_TASK BRIEF_: Leaving the pictures aside, repeat each line below exactly.

[Extracted data entries]
——

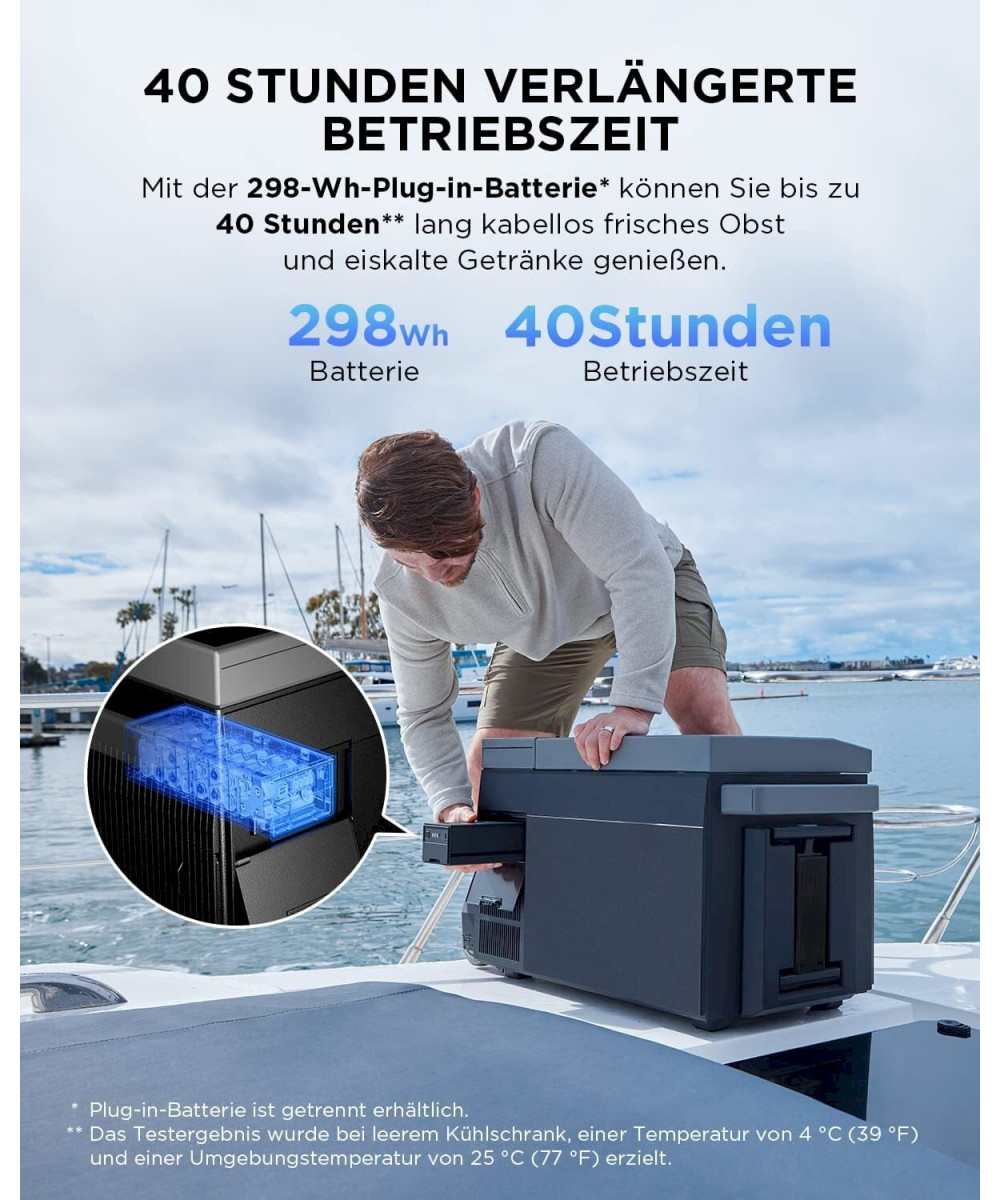 EcoFlow GLACIER wurde für absolute Mobilität entwickelt und kann mit der einsetzbaren Batterie ohne störendes Kabelgewirr betrieben werden.Dank der großen Batteriekapazität von 298 Wh bleiben Tiefkühlgerichte gefroren, Obst frisch und Getränke eiskalt – und das bis zu 40 Stunden lang.
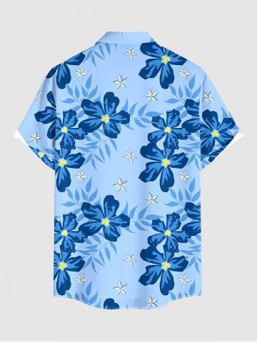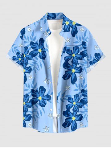 Plus Size Tropical Leaf Flower Print Hawaii Button Pocket Shirt For Men - Sky Blue - 5xl
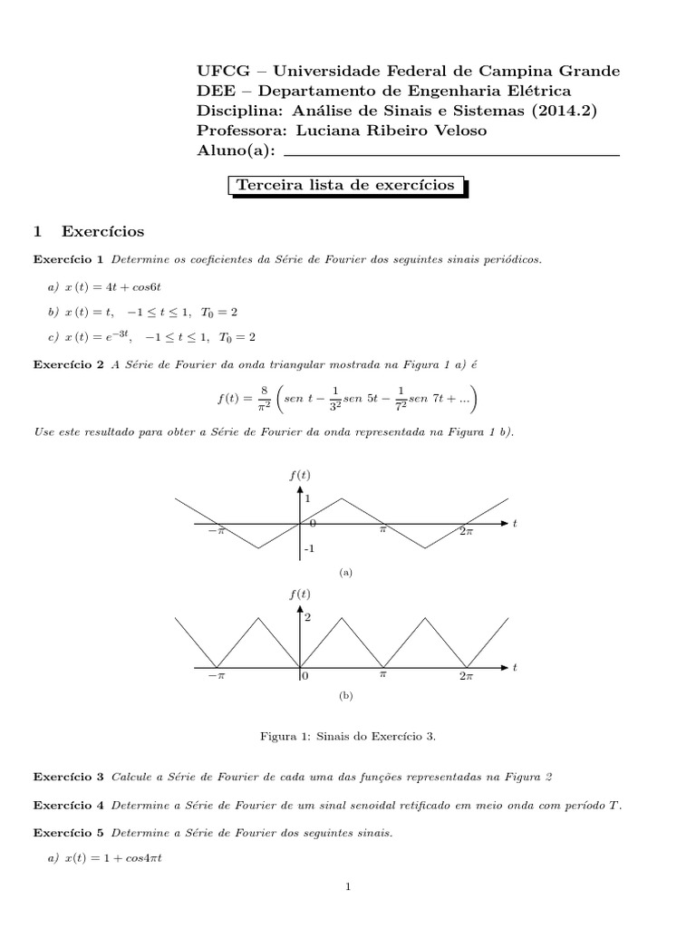 Exercı́cio 1 Determine os coeficientes da Série de Fourier dos seguintes sinais periódicos.
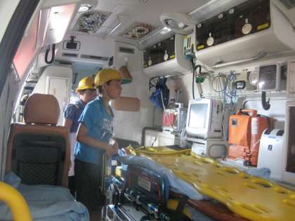 朝から,吉田消防署の見学に行きました。4年生は,初めて救急車の中を見たり,消防自動車の構造を見たりして興味津々でした。熱心にメモをとっていました。
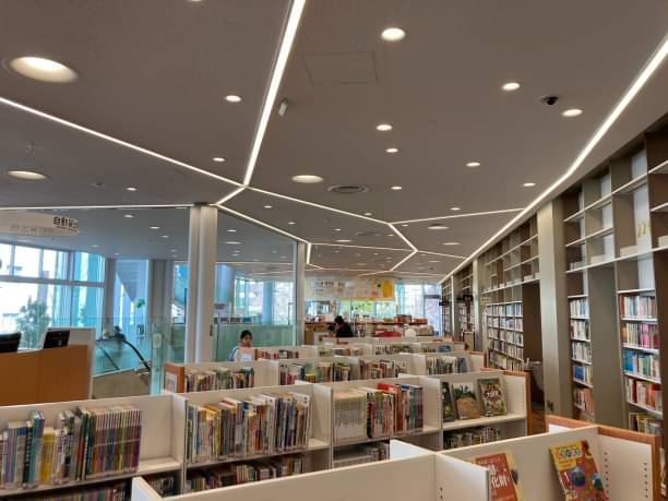 低書架やレイアウトだけでなく、設計の段階でフロア構築や照明に工夫してる様子が分かります。

——

_SOLUTION FOR THIS TASK_:
 EcoFlow GLACIER wurde für absolute Mobilität entwickelt und kann mit der einsetzbaren Batterie ohne störendes Kabelgewirr betrieben werden.Dank der großen Batteriekapazität von 298 Wh bleiben Tiefkühlgerichte gefroren, Obst frisch und Getränke eiskalt – und das bis zu 40 Stunden lang.
 Plus Size Tropical Leaf Flower Print Hawaii Button Pocket Shirt For Men - Sky Blue - 5xl
 Exercı́cio 1 Determine os coeficientes da Série de Fourier dos seguintes sinais periódicos.
 朝から,吉田消防署の見学に行きました。4年生は,初めて救急車の中を見たり,消防自動車の構造を見たりして興味津々でした。熱心にメモをとっていました。
 低書架やレイアウトだけでなく、設計の段階でフロア構築や照明に工夫してる様子が分かります。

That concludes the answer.